In 1837 Behnes was appointed 'Sculptor in Ordinary' to Queen Victoria. His pupils included noted sculptors George Frederic Watts, Thomas Woolner and Henry Weekes, and naturalist Benjamin Waterhouse Hawkins.

Despite huge success, being declared "superior to Chantrey" in bust portraiture, he could not manage his finances and was declared bankrupt in 1861. His final work, the statue of Sir Henry Havelock (1861) in Trafalgar Square, has the claim to fame of being the first known statue based purely upon a photograph of his subject.

It is likely that he was an alcoholic and also a gambler, and this was worsened by bankruptcy. He moved to "miserable lodgings" in Charlotte Street.

He was found lying unconscious in a gutter, with only three pence in his pocket, on New Years Day 1864 and died on 3 January in Middlesex Hospital.

He was buried in an unmarked grave in Kensal Green Cemetery. George Cruikshank, who had known him, campaigned to raise money for a monument and to present a bronze bust of Behnes to the National Gallery, but there was little progress and the campaign was abandoned.
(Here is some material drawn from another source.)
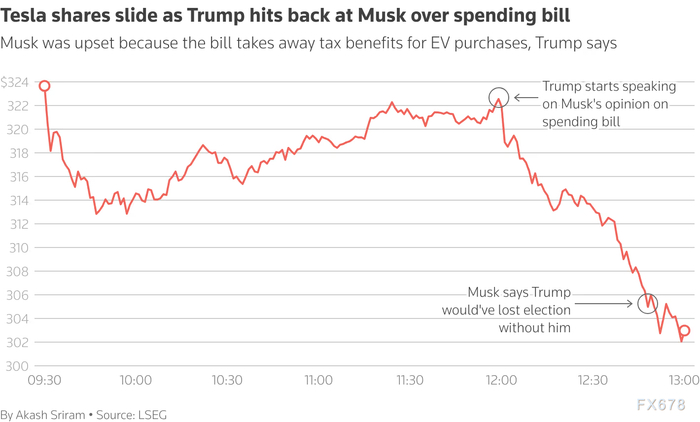 这场口水战不仅停留在口头交锋,还对资本市场产生了巨大冲击。特斯拉作为马斯克的旗舰企业,首当其冲受到波及。周四,特斯拉股价收盘暴跌14.3%,市值一日之内蒸发约1500亿美元。投资者对马斯克与特朗普关系恶化的担忧,以及政府可能取消与特斯拉相关补贴和合同的传言,成为股价暴跌的直接原因。

In December 2016, a folio of 41 pages of Behnes' sketches (some double-sided) was sold at auction by Cuttlestones Auctioneers & Valuers at Penkridge in Staffordshire, for £2,200. It includes sketches of the Duke of Newcastle, Sir Thomas Gresham, and Sir Robert Peel.

==Works==
He produced many busts of children, reliefs and also some notable church monuments and statues, including ones of Dr William Babington in St Paul's Cathedral and Major-General Sir Henry Havelock (believed to be the first statue based on a photograph, two casts were made – one is today situated in Trafalgar Square, London, the other in Mowbray Park, Sunderland) and several of Sir Robert Peel (including ones situated in Leeds, Peel Park in Bradford, and at the Peel Centre in Hendon in north-west London). Other subjects included: Thomas Arnold, Sir Joshua Reynolds, Benjamin West and George Cruikshank.
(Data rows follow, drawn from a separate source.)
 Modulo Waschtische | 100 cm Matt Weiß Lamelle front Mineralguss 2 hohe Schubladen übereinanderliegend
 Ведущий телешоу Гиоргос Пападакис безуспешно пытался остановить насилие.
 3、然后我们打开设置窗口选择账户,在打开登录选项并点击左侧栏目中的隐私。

- Bust of Henry Earle, surgeon, Foundling Hospital, London (1817)
- Monument to John Tunno, St. John's Wood Chapel (1819)
- Bust of Dr William Lister FRSE Governor of St Thomas' Hospital in London (1820)
- Monument to Joseph Nollekens, Paddington Parish Church, London (1823)
- Bust of Joseph Marryat, St George's, Grenada, West Indies (1824)
- Bust of James Northcote (1825)
- Bust of Sir Isaac Coffin, 1st Baronet, Athenaeum, Boston, USA (1826)
- Statue of the Earl of Egremont, Petworth House (1826)
- Bust of Oliver Goldsmith, Trinity College, Dublin (1827)
- Wax bust of Princess Victoria (Later Queen Victoria) (using her actual hair) (1829)
- Figures on the clock-tower at Buckingham Palace (1829)
- Monument to Dr Andrew Bell, Westminster Abbey (1832)
- Monument to Admiral Sir Henry Blackwood, Westminster Abbey (1832)
- Monument to John Woodhouse, Dean of Lichfield, Stoke-on-Trent Parish Church (1833)
- Monument to Sir Henry Russell, 1st Baronet, Swallowfield, Berkshire, (1836)
- Bust of Sir Benjamin Collins Brodie, 1st Baronet, Royal College of Surgeons, London (1836)
- Statue of William Babington, St Paul's Cathedral (1837)
- Monument to William Praed, Tyringham Church (1837)
- Bust of Queen Victoria (1837)
- Monument to Sir John St Aubyn, 5th Baronet, Crowan, Cornwall (1839)
- Bust of Sir Thomas Hardy, naval hero, Greenwich Hospital Chapel (1839)
- Statue of Baron Joy, Dublin (1840)
- The mare's head "The Queen of Beauty" as ridden by Lord Seymour (1843)
- Statue of Sir John Thomas Jones, St Paul's Cathedral (1843)
- Statue of Sir Thomas Gresham, Royal Exchange, London (1845)
- Statue of Sir William Follett, Westminster Abbey, (1850)
- Statue of Robert Peel, Leeds (1852)
- Statue of Robert Peel, Peel Park, Bradford (1855)
- Statue of Robert Peel, Peel Centre, previously Cheapside and Postman's Park, Grade II listed, possible copy of the Bradford work (1855)
- Monument to Mrs Elsworth, Highgate Cemetery (1858)
- Statue of Sir Henry Havelock, Trafalgar Square, (1861) (plus a copy in Sunderland)
- Statue of Lord Harris, Governor of Trinidad (not dated, referenced in J.H. Collens, Guide to Trinidad, Vol I, p. 61, 1886). Now lost.